Almanya uzun yıllar Çin’i ticaret ortağı olmakla birlikte ekonomik ve sistemik bir rakip olarak görüyordu. Bu rekabet özellikle Balkanlar ve Afrika kıtasında göze çarpmakla birlikte son zamanlarda Hint-Pasifik bölgesinde de kendini gösterir oldu. İhracat ağırlıklı bir ekonomiye sahip olan Almanya, yıllardır Çin’in küresel ekonomiye açılmasından en çok kar elde eden ülkelerden biri konumunda bulunuyordu. Ancak SPD, Yeşiller ve FDP’den oluşan yeni Alman hükümeti koalisyon görüşmelerinden beri ülkenin Çin stratejisini değiştirmek için çalışmalar yürütüyor(du). Hükümet, Çin’in ham maddelerine, bataryalarına ve yarı iletkenlerine olan bağımlılığı azaltmak için Pekin ile yeni bir ticaret politikası üzerinde de çalışmaktaydı. Almanya bu bağlamda Çin’e olan bağımlılığın azaltılmasını ve tedarik yollarının genişletilmesini hedefliyor(du).


STRATEJİ ENDİŞE VERİCİ

Çin’in Almanya Büyükelçisi Wu Ken ise 10 Ocak 2023’te Handelsblatt gazetesine verdiği röportajda , Almanya’nın bu strateji değişikliğinin dünyanın ikinci ve dördüncü büyük ekonomileri arasındaki iş birliğini tehlikeye atabilecek bir “Soğuk Savaş” zihniyetini yansıttığına vurgu yapmıştı. Koalisyon ortaklarının yeni Çin stratejisini “çok endişe” verici olarak nitelendiren Wu, bunun Almanya ile Çin’in ortak çıkarlarına hizmet etmeyeceğine de dikkat çekmişti. İki ülke ilişkilerini geren başka bir konu ise Hür Demokrat Parti (FDP)’li Federal Eğitim Bakanı Bettina Stark-Watzinger’in, Mart 2023’de Çin ile egemenlik ihtilafındaki Tayvan ziyareti oldu. Çin Dışişleri Bakanlığı Sözcüsü Vang Vınbin, Federal Bakan’ın ziyaretine karşı olduklarını ve bunu protesto ettiklerini belirtti ve Almanya’ya, „tek Çin ilkesine uyma“, „Tayvan’ın bağımsızlığını savunan ayrılıkçı güçlere yanlış mesaj vermeme“, „Tayvan sorununu Çin’in iç işlerine karışmanın bahanesi olarak kullanmama“ çağrısında bulundu.

Federal Dışişleri Bakanı Annalena Baerbock (Yeşiller) ise 20 Mart 2023 tarihinde Welt gazetesine yaptığı açıklamada Çin konusuna değinerek, „Avrupa tarafında ülkelerin Çin bağımlılığından kurtulmalarına nasıl yardımcı olabileceğimize dair stratejiler geliştiriyoruz“, ifadelerini kullandı. Baerbock, Çin’in ekonomik bağımlılıklar yaratarak, nüfuzunu genişletmek için Avrupa’nın bıraktığı boşlukları stratejik olarak kullandığını ve Yeni İpek Yolu projesinin buna örnek olabileceğini kaydetti ve şu ifadeleri kullandı: „Çin ile sistemik rekabette Avrupa jeopolitik olarak daha aktif hale gelmelidir. Çin’in jeostratejik yatırımlarını engelleyemeyiz […] Çin’in aksine, kredilerdeki geri ödeme güçlüklerini, alıcılara siyasi baskı uygulamak için, örneğin Birleşmiş Milletlerde belirli bir oylama davranışını zorlamak için kullanmıyoruz“, diyerek Almanya’nın Çin’e karşı agresif tutumunu gizlemedi.

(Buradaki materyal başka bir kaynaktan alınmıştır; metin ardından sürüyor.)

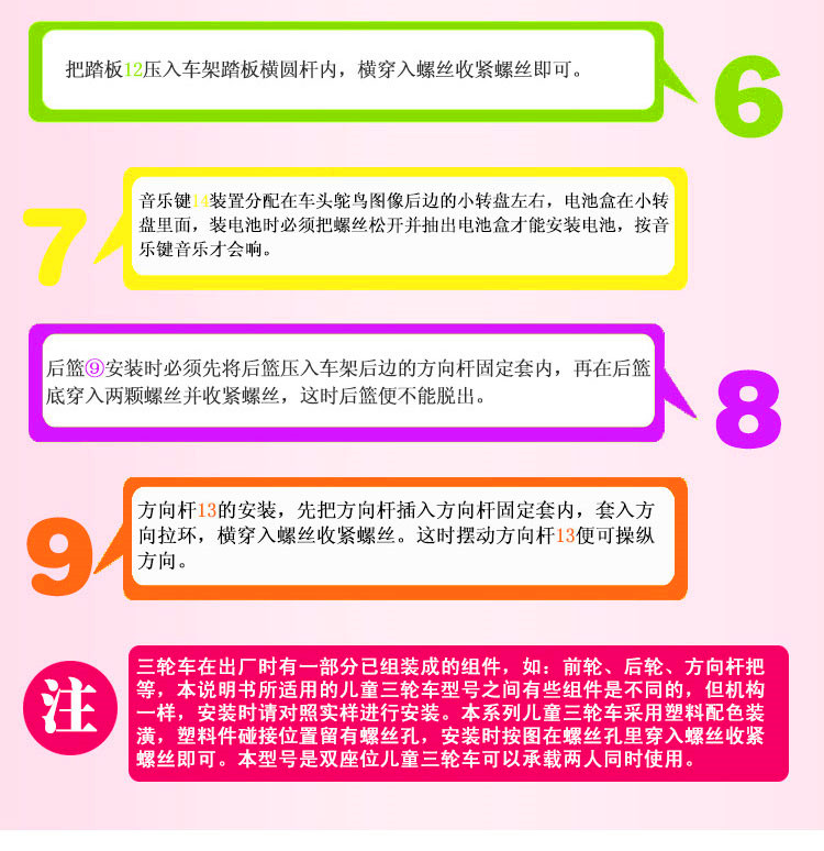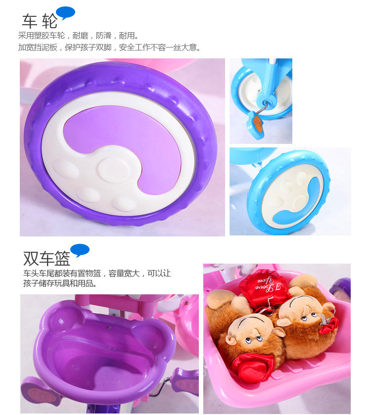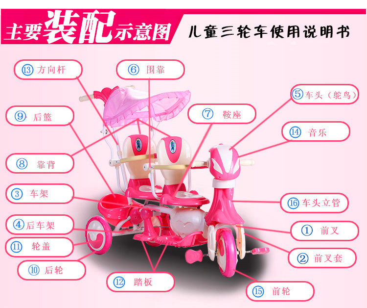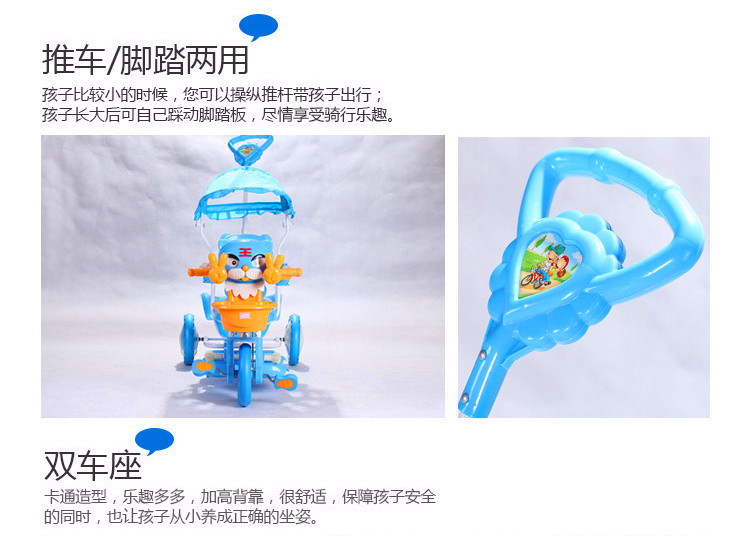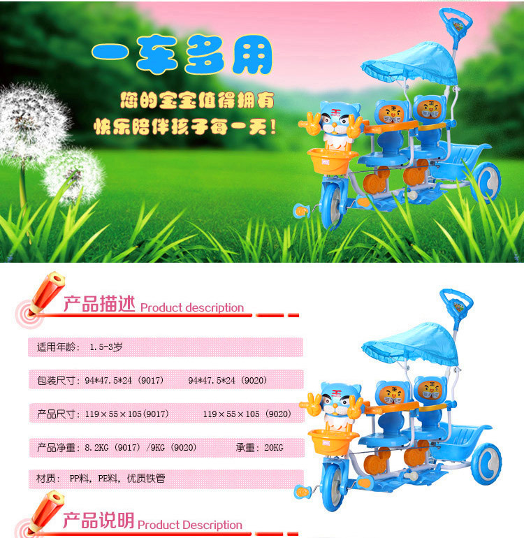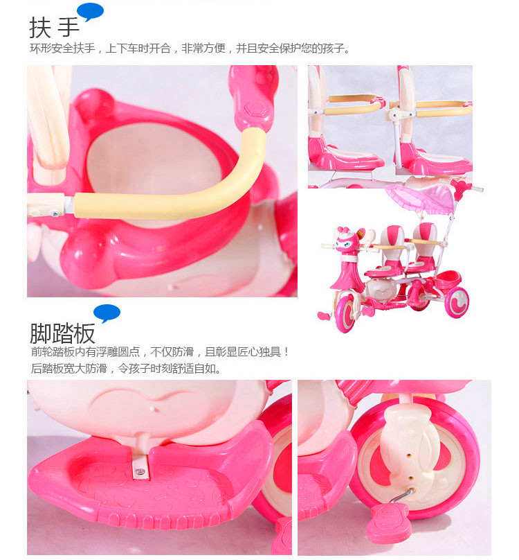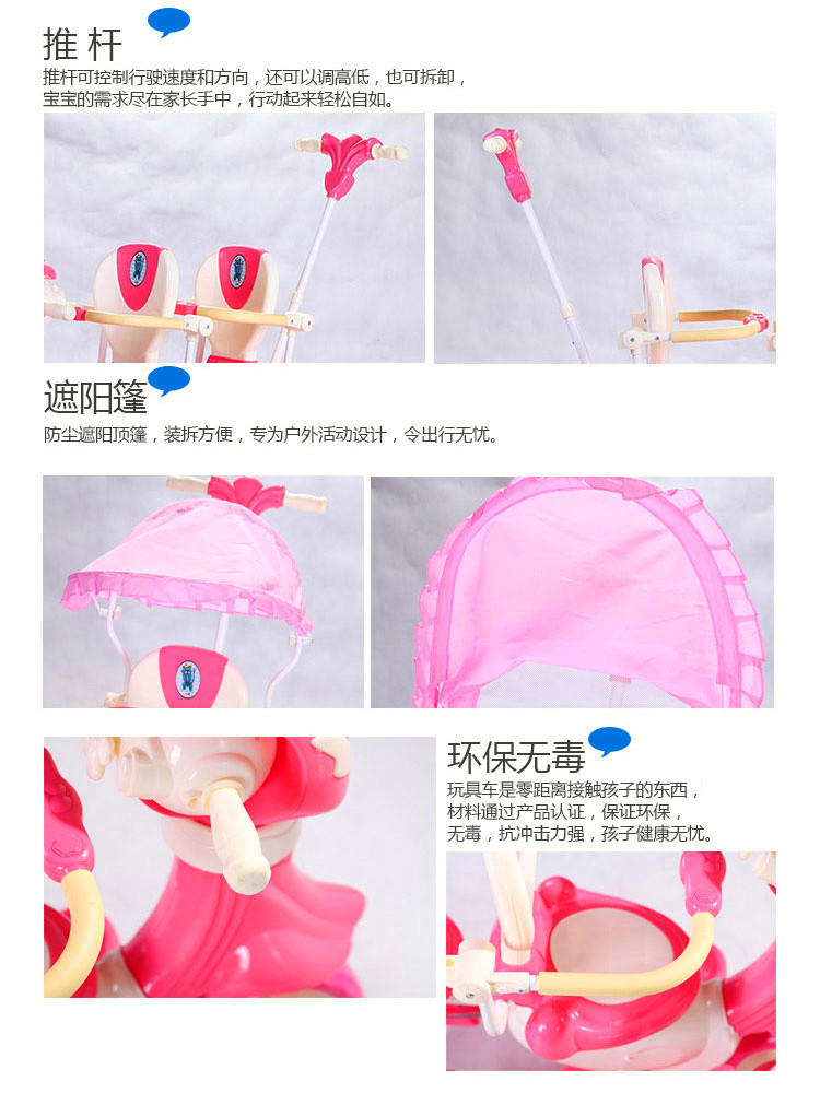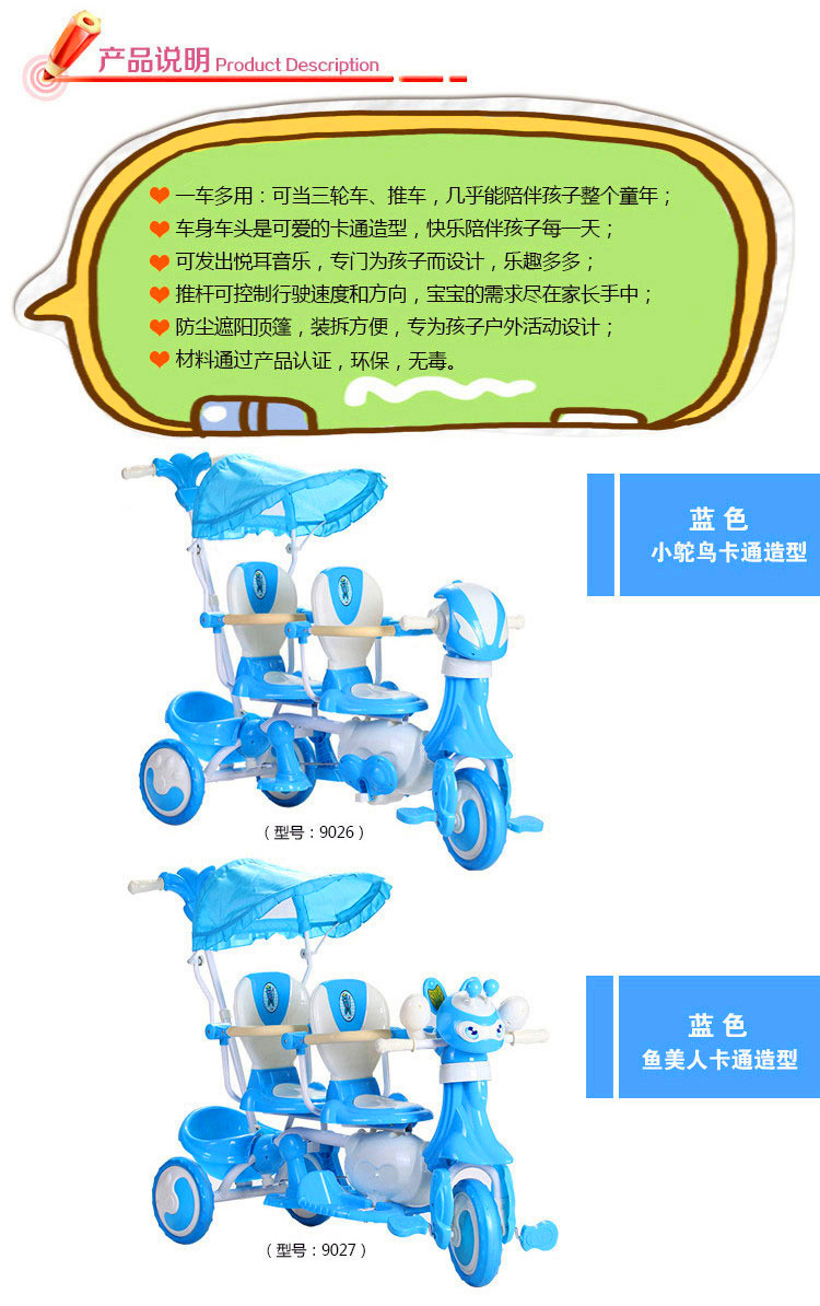 儿童双胞胎三轮车 脚踏车双座带推杆音乐 带遮阳蓬

Güvenlik açısından kritik alanlarda Alman şirketlerin Çin yatırımlarını yakından izlediği de başka göze çarpan bir alan. Çin teknoloji şirketlerine (TikTok, Huawei vs.) getirilen kısıtlamalar burada ilk akla gelenler. Almanya’nın Çin’e karşı elinde bulundurduğu kozlardan birisi de Çin’in bazı bölgelerde „insan hakları ihlalleri“ gerçekleştirdiği söylemi. Bunun gündeme getirilmesiyle de ithalat yasaklarının mümkün kılınması talep ediliyor.

Almanya Çin ile gelecekteki işbirliğini Pekin’in, Berlin’in münasip gördüğü dış politika konseptine uymasına bağlı kılıyor. Almanya Ukrayna’daki savaşa rağmen Çin’in Rusya ile yakın işbirliği içinde bulunmasından rahatsızlığını da gizlemiyor. Alman şirketlerinin Çin pazarına olan bağımlılığının azaltılması için Çin’e karşı önlem olarak bu ülke ile rekabeti olumsuz etkileyen faaliyetlerine karşı yeni stratejiler geliştirmeyi hedefliyor. Çin’e yapılan ihracat, son 10 yılda Almanya’nın 2. Dünya Savaşı sonrası en uzun ekonomik büyümesini desteklerken, Çin, 2016 yılında Almanya’nın en büyük ticaret ortağı olmuştu. Alman Dış Ticaret Odası (AHK) verilerine göre, Çin’de yaklaşık 5 bin Alman şirketi faaliyet gösteriyor. Şuan Almanya’da 1,1 milyon kişilik istihdam, Çin ile ticarete bağlı durumda.

Çin’le bu tırmanışın sonuçları Rusya’ya karşı ekonomik savaşın sonuçlarından çok daha olumsuz olacağını öngörmek için medyum olmaya gerek yok. Alman yatırımcılar ve tüccarlar bu gidişatı nereye kadar destekler, o da başka bir soru. Zira Çin’in Alman ekonomisi için olmazsa olmaz bir durumu söz konusu. Almanya ABD ve Okyanus ötesi çıkarlar için Çin’e veda edebilecek güçte olup olmadığını gelecek dönem gösterecek. Şu an gerçekten yeni bir Soğuk Savaşa doğru yol alınmış.